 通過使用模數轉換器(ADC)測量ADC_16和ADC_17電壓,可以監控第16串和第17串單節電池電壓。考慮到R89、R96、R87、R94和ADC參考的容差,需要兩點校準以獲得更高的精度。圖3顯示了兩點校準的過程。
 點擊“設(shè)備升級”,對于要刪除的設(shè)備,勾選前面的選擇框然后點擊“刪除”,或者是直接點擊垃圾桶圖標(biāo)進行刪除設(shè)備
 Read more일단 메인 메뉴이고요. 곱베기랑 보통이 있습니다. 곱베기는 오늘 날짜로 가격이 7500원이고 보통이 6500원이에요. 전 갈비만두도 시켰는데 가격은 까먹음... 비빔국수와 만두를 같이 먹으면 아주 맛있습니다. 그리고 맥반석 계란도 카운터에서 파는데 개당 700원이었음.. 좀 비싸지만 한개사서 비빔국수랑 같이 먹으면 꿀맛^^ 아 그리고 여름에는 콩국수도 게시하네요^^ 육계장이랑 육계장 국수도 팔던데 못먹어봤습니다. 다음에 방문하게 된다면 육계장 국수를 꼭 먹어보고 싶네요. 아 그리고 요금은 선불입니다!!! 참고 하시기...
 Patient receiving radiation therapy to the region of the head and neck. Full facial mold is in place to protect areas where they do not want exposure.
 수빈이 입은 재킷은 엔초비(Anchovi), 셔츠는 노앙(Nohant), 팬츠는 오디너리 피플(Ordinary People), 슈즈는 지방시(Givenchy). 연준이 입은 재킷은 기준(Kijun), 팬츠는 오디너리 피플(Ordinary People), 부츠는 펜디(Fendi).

..............................

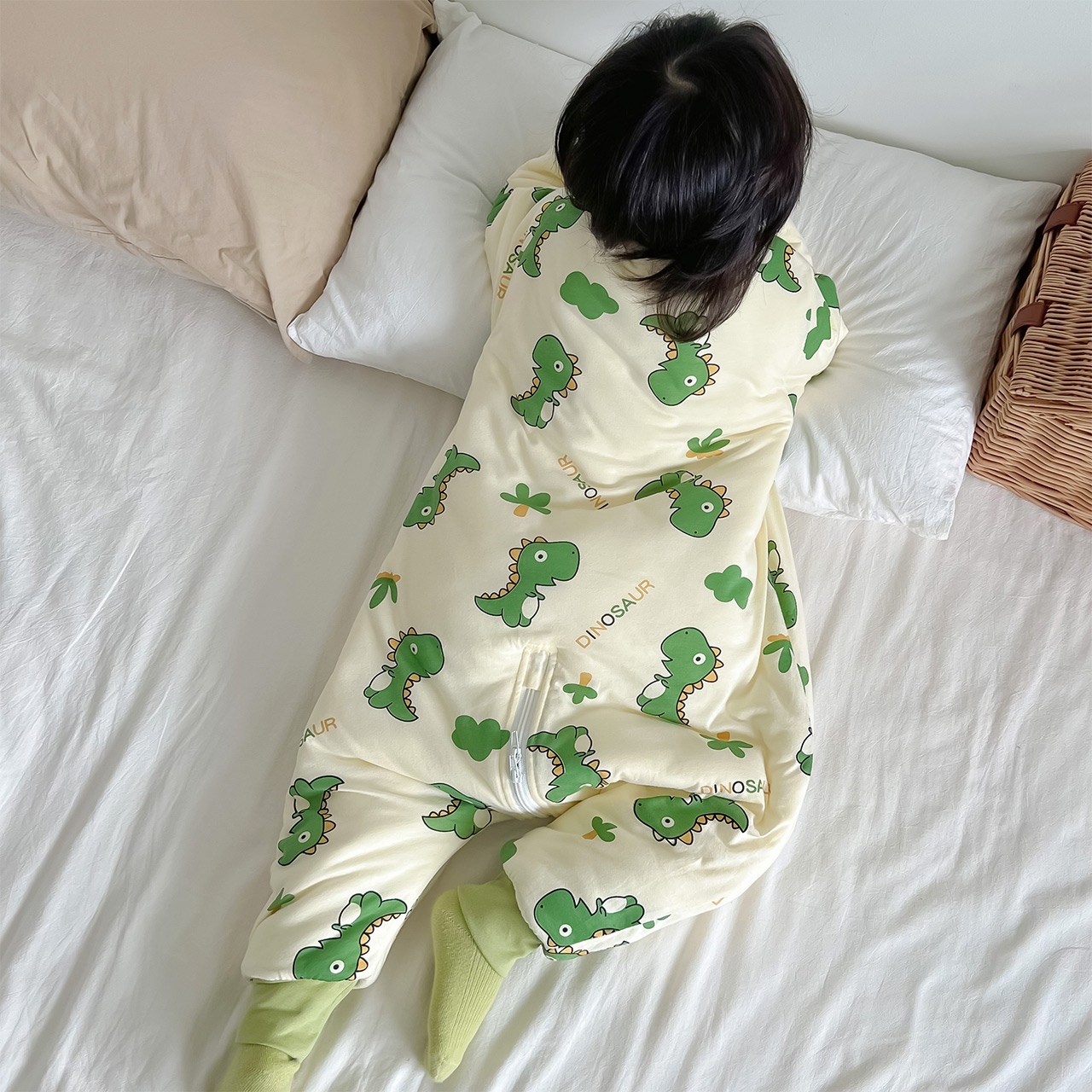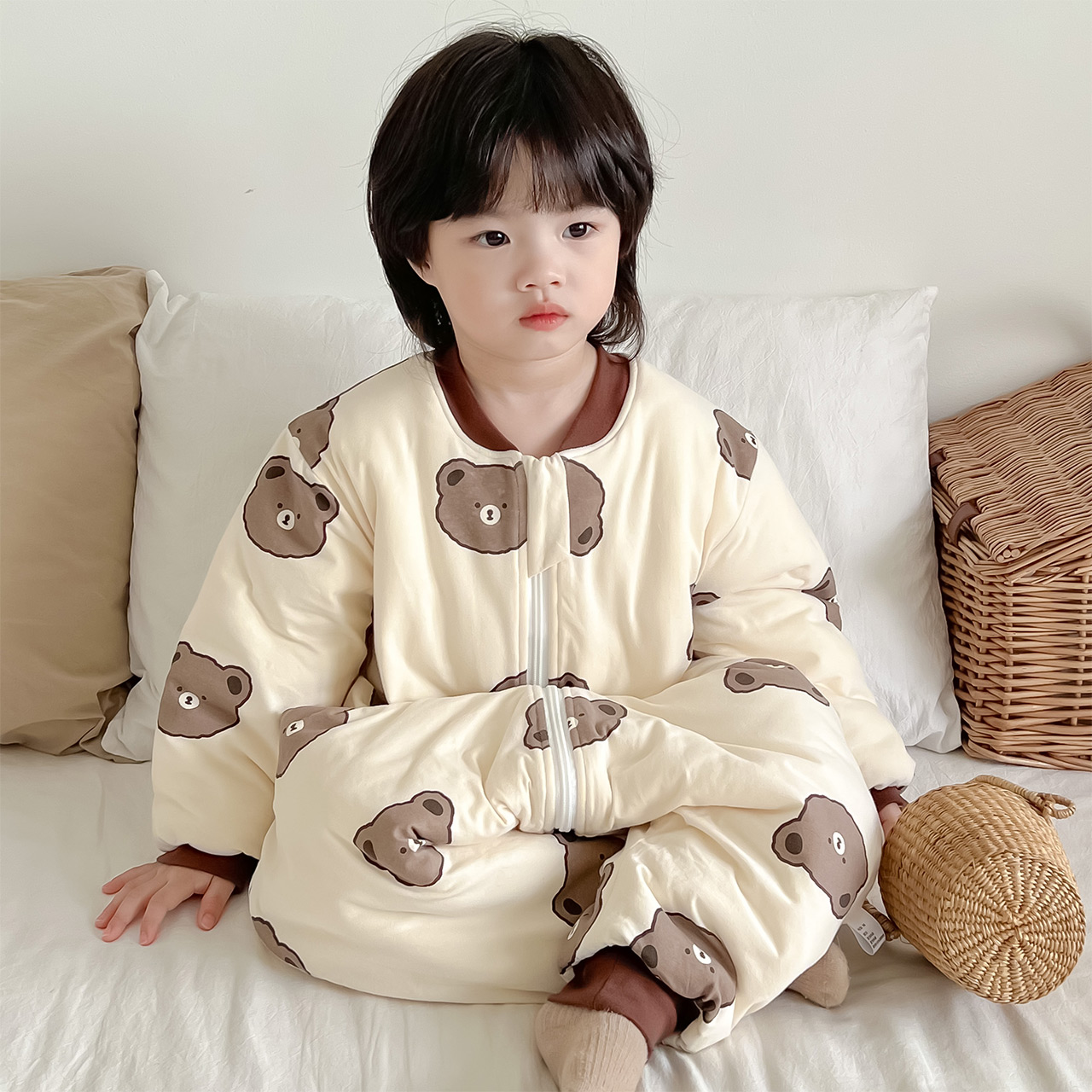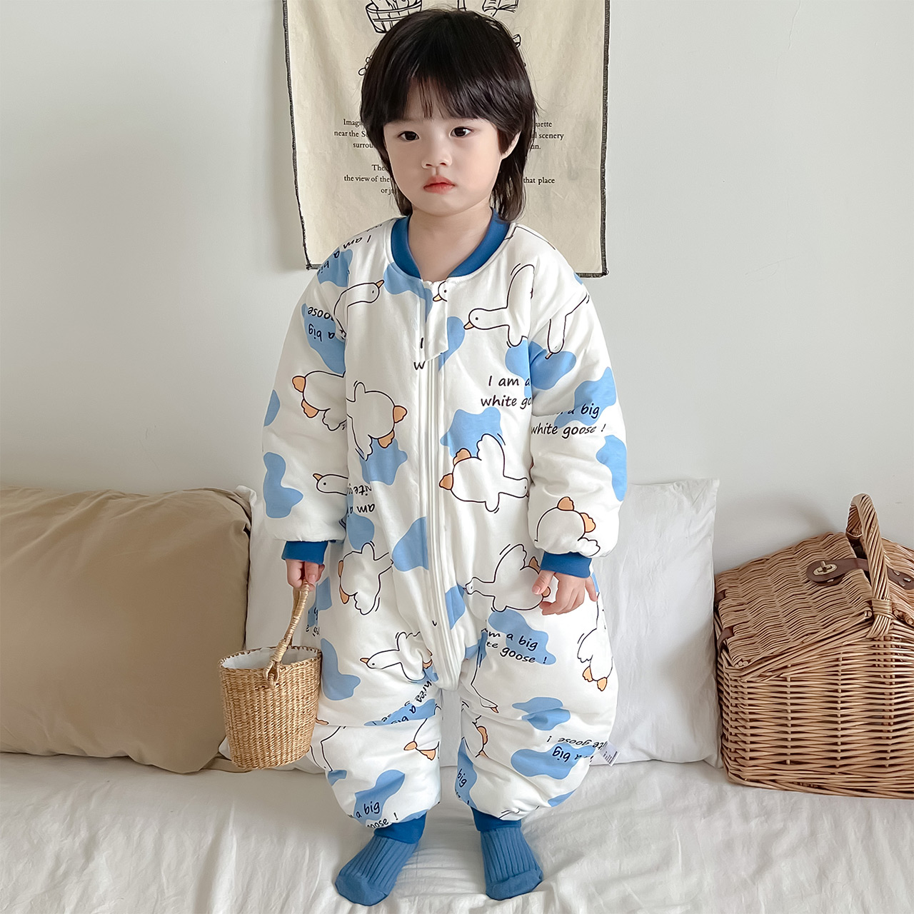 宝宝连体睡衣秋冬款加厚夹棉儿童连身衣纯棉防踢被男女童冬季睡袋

..............................

**What is being asked**
From the records above, quote only the lines running from the line with "Patient receiving radiation" to the line with "수빈이 입은 재킷은 엔초비(Anchovi), 셔츠는", both lines included.

**Output of the task**
 Patient receiving radiation therapy to the region of the head and neck. Full facial mold is in place to protect areas where they do not want exposure.
 수빈이 입은 재킷은 엔초비(Anchovi), 셔츠는 노앙(Nohant), 팬츠는 오디너리 피플(Ordinary People), 슈즈는 지방시(Givenchy). 연준이 입은 재킷은 기준(Kijun), 팬츠는 오디너리 피플(Ordinary People), 부츠는 펜디(Fendi).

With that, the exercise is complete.